Le schéma de défense est efficace et éprouvé,
bien que pas mal galvaudé et très prévisible;
Péan l'avait pressenti, dans une entrevue à Charlie
Hebdo, publiée le même jour, il déclarait : « Il
[Plenel] pourra toujours essayer de me faire passer pour un
type d'extrême droite masqué en type de gauche, une sorte
de rouge-brun… » Bien vu Pierrot !
Pour Le Monde, l'archétype du rouge-brun semble être
Boris Souvarine, un des rédacteurs « en 1952, [d']une
brochure intitulée Le Monde auxiliaire du communisme
[…] cet opuscule est financé par Georges Albertini,
ancien collaborateur notoire. » (Le Monde, 26/02/2003,
p.18). L'embêtant est que Le Monde n'a pas toujours été
aussi regardant avec Souvarine et ses amis. Dans la même édition,
un cahier spécial —un de ceux qui permettent de renchérir
le prix du numéro—, « Staline, 50 ans après »
mentionne Souvarine dans une chronologie « La "bolchévisation"

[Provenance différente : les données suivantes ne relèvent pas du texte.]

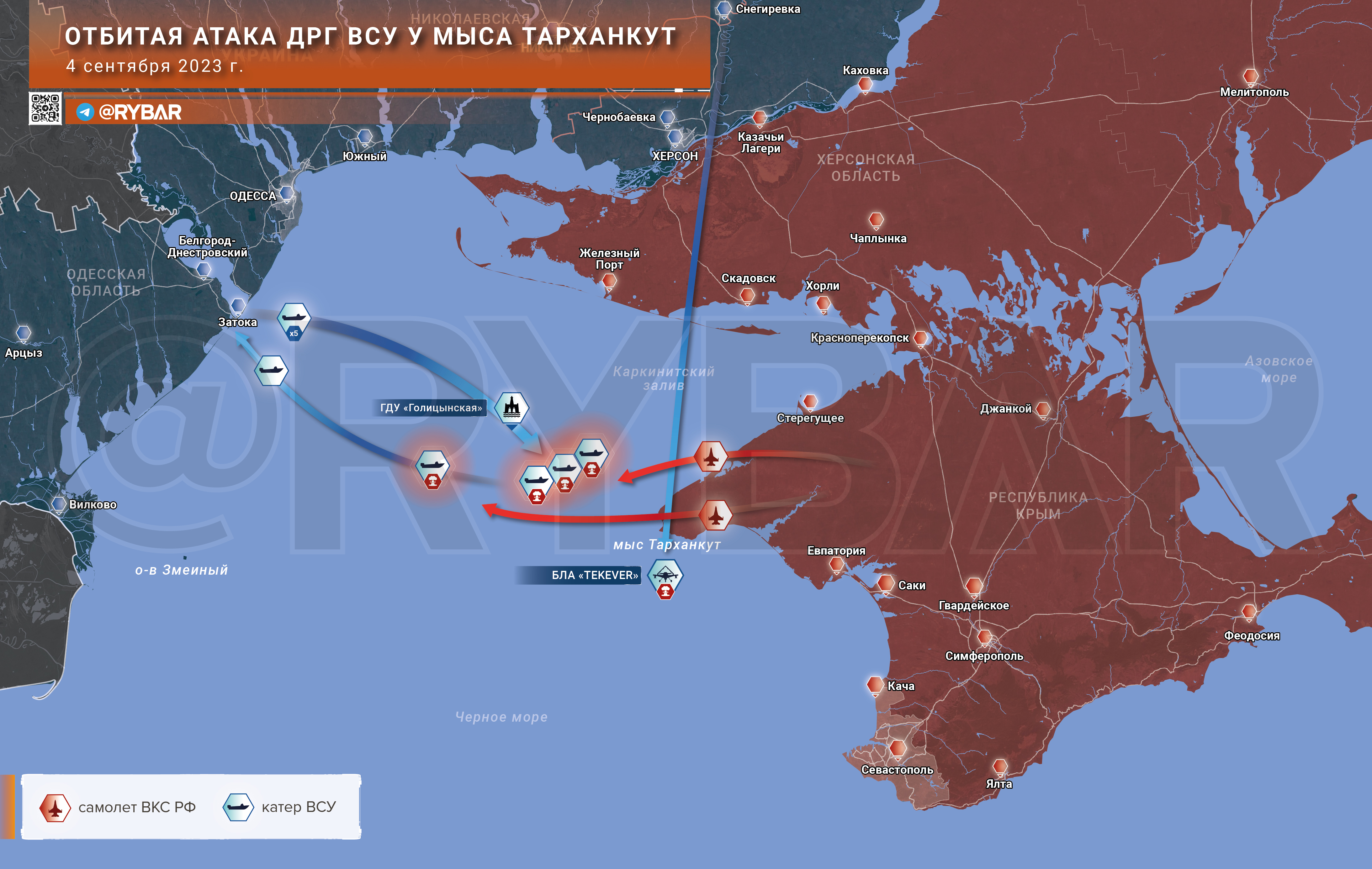 Dans la nuit du 4 septembre, des unités ukrainiennes du GUR et des SDF ont à nouveau tenté de débarquer au cap Tarkhankut, en Crimée. Contrairement aux attaques précédentes, les DRG ont légèrement modifié leur itinéraire : cinq bateaux transportant du personnel sont partis de la zone de Zatoka au lieu de Vilkovo.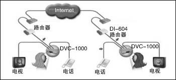 Modem上。圖1通過(guò)DI-604路由器與DSL Modem連接,實(shí)現(xiàn)與Internet互聯(lián)。DVC-1000還配備了一個(gè)電話機(jī)接口,可以外接一部普通電話機(jī)作為話音交流和撥號(hào)設(shè)備。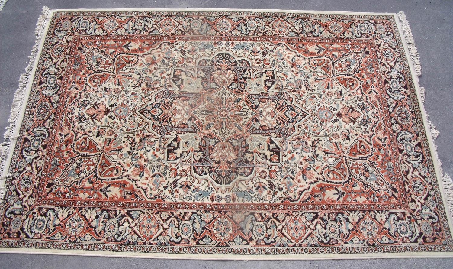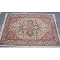 Traditional Keshan wool rug, terracotta and beige ground central stylised floral medallion with patterned border (300cm x 200cm)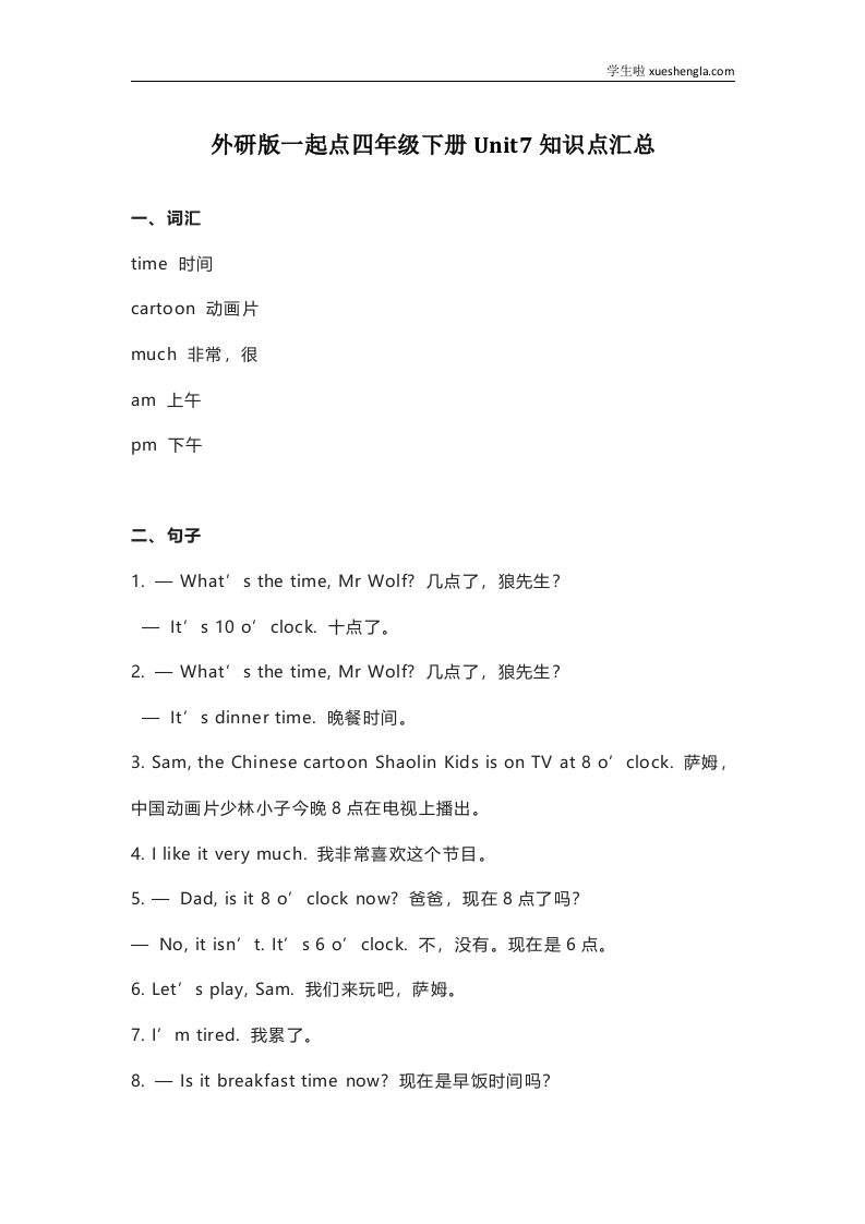 首页小学英语四年级外研版一起点四年级下册Unit 7知识点汇总

du parti français » : « Juillet 1924. La
direction du P.C.F. prononce l'exclusion de Boris Souvarine, rangé
aux côtés de Trotski contre Staline. »
Dans Le Monde du 05/12/1997,
une tribune, signée « J.-M. C. » (Jean-Marie Colombani,
alias Ramina), intitulée « Le communisme et nous »,
clame : « Il ne faudrait d'ailleurs pas ajouter l'ingratitude
à l'oubli en ne reconnaissant pas notre dette envers ceux — anciens
communistes en rupture de ban, comme Boris Souvarine, communistes
oppositionnels, comme les trotskistes, ou anarchistes et libertaires —
qui, dans un isolement souvent tragique, ont accumulé les premières
preuves des crimes commis en URSS. Quoi qu'on puisse penser par ailleurs
des utopies révolutionnaires qui, pour certains, continuaient
de les animer, il nous semble équitable de rappeler qu'ils
payèrent parfois leur audace de leur vie. »
Dans cette tribune, le patron du Monde essayait de se faire
pardonner son soutien publicitaire immodéré au Livre
noir du communisme coordonné par Stéphane Courtois;
il reprenait les arguments développés par Gilles Perrault
et d'autres dans Le
Monde diplomatique qui triaient le bon grain (les travaux
de Nicolas Werth, par exemple) de l'ivraie (la comptabilité
des « 100 millions de morts », des préface et postface
de Courtois); il en profitait aussi pour répondre post-mortem
à Souvarine en inventant une épopée anti-stalinienne
du Monde.
Mais, le Bulletin d'Études et d'Informations Politiques
Internationales où Souvarine publia son pamphlet de 1952,
qui deviendra plus tard Est et Ouest, était lié
à son Institut d'histoire Sociale, d'abord branche de celui
d'Amsterdam, puis projet personnel, de plus en plus soutenu par des
banquiers au passé douteux, des cercles patronaux, des syndicats
« réformistes », l'argent de la C.I.A. (d'après
sa fiche du Réseau Voltaire, que l'Institut récuse),
mais surtout la crème des essayistes anti-communistes qui fait
l'habituel délice du Monde, aroniens et furetiens. Aujourd'hui,
Stéphane Courtois est vice-président de son bureau;
le président est Jean-François Revel, « de l'Académie
française », maître-à-penser de Jean-Marie
« Tous américains » Colombani; le Conseil d'administration
s'enorgueillit de la présence de André Bergeron (ancien
secrétaire général de Force Ouvrière,
grand consommateur lui-aussi de subventions américaines, ancien
président de cet Institut) et de celle de Jean-Claude Casanova
(post-barriste, directeur de Commentaires, éditorialiste
associé au… Monde), le Conseil scientifique comprend
Alain Besançon et Emmanuel Le Roy Ladurie, « de l'Institut »,
qui sont loin d'être des pestiférés au Monde
malgré leur participation à ce douteux organisme !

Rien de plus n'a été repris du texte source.